新潟県名産「おけさ柿(八珍柿)」が甘く美味しくなるまでの秘密。

「おけさ柿(八珍柿)」は新潟県の晩秋を代表するおいしい風物詩です。新潟県のブランド柿としても有名で、観光のお土産や贈答品として多くの方が買い求めます。 甘くて滑らかな口当たりで親しまれているおけさ柿(八珍柿)ですが、主に使われている品種の平核無柿(ひらたねなしがき)と刀根早生柿(とねわせがき)は「渋柿」です。そのままでは食べられない渋柿が、芳醇で味わい深くなるのは「さわして」いるから。おけさ柿は「さわす(醂す)」、「さわし」と呼ばれる「渋抜き」を施すことで、甘く美味しくなるのです。 おけさ柿(八珍柿)を含む柿の渋抜きには一般的に焼酎を使います。他にはホワイトリカーや渋抜き専用酒なども用いられますが、度数は35度以上が一般的です。 作り方は柿のヘタの部分を焼酎につけ、ヘタとヘタ、実と実を合わせるようにビニールを敷いたダンボール箱などに詰めていきます。その後密封して置いておくと、早生の柿は5日程度、それ以外は10日~2週間くらいで渋が抜けます。陽の当たるところ・暖かいところに置くと渋が抜けやすくなりますが、傷むのも早くなるため注意が必要です。

新潟県の七不思議に連なる「種無しの柿」

新潟県における柿栽培の歴史は古く、江戸時代初期の1603年、現在の佐渡市羽茂地区で始まったといいます。「種が無い柿」ということから、「越後七不思議 ※」の次に珍しいという意味で「八珍柿」の名がついたそうです。 ※ 梅護寺の八ツ房梅、数珠掛桜、孝順寺の三度栗、逆さ竹、焼鮒、繋ぎ榧、片葉の芦。親鸞聖人にまつわるものが多い。

甘くて栄養価も高いから、ひと工夫でさらに美味しい

米が実り、果実が実をつけて色づく秋は、まさに収穫の季節。栄養価の高い食材がたくさん出回りますが、柿も昔から「柿が赤くなると医者が青くなる(柿を食べれば医者はいらないの意味)」といわれるほど栄養豊富な果物。ビタミンC・A・K・B1・B2がたっぷり含まれており、またカリウム、ポリフェノールも有しています。そのため、疲労回復やかぜの予防はもちろん、老化防止、ガン・高血圧予防、免疫力のアップ、二日酔いの回復などに効果が期待でき、健康食品としても非常に優れていると考えられています。 身体に良くても甘いだけに、気になるのはカロリーや糖質でしょう。
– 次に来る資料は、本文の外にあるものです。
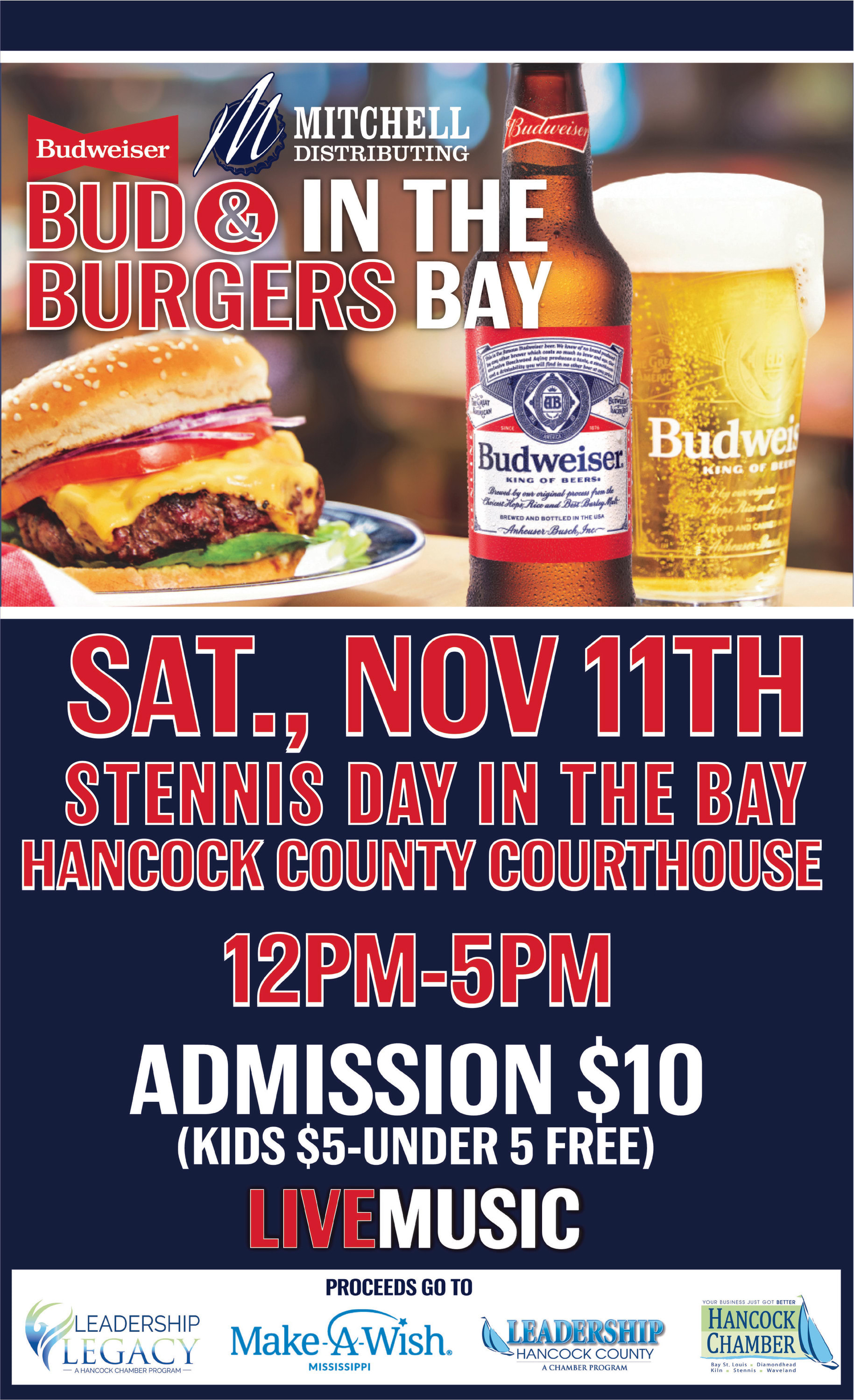 GET READY FOR A SIZZLING AND OUT OF THIS WORLD EVENT IN THE BAY! We're excited to invite you to Bud & Burgers in the Bay, a one-of-a-kind competition that's all about finding the best burger in the region. This spectacular event is set to take place during Stennis Day on Saturday, November 11th, from 12 noon to 5 pm at the Historic Courthouse on Main Street.

しかし、柿のカロリーは100gあたり約60kcal、糖質は100gあたり約14gで、この数字は全食品の平均を下回っています。そのため、1日1個程度であれば、摂取しすぎということはありません。 おけさ柿(八珍柿)は、そのまま食べても美味しいですが、食材として、サラダや和え物をはじめ、酒類(おけさ柿で作ったワインやリキュール、日本酒、焼酎など)、ジャム、ケーキに用いることもできます。柔らかくなったものは、そのまま凍らせてシャーベットに、また中身をくりぬきミキサーにかけ、牛乳と併せて冷やす「柿プリン」を作る方もいて、子どものおやつにも最適なのだそうです。 なお、お土産用としては「おけさ柿(八珍柿)のワイン漬け」「おけさ柿(八珍柿)入りカレー」といった商品が販売されており、麺におけさ柿(八珍柿)を練り込んだ生麺を用いたラーメン店も人気があります。

新潟県の暮らしで、旬の果物をもっと身近に

新潟県にはブランド米やきのこといった作物だけでなく、高級洋梨の「ル・レクチェ」、リンゴ、イチジク、みかん、日本梨、越後姫(いちご)、桜桃、西瓜、メロン、ぶどう、ももといった多くの名産フルーツがあります。その中でも、美味しく健康増進が期待できるおけさ柿(八珍柿)を今回はご紹介いたしました。 1年を通じて、新鮮かつ種類豊富な青果あふれる新潟県。健康的な食卓のある暮らしを考えているなら、新潟県をU・Iターン先として検討してみてはいかがでしょうか。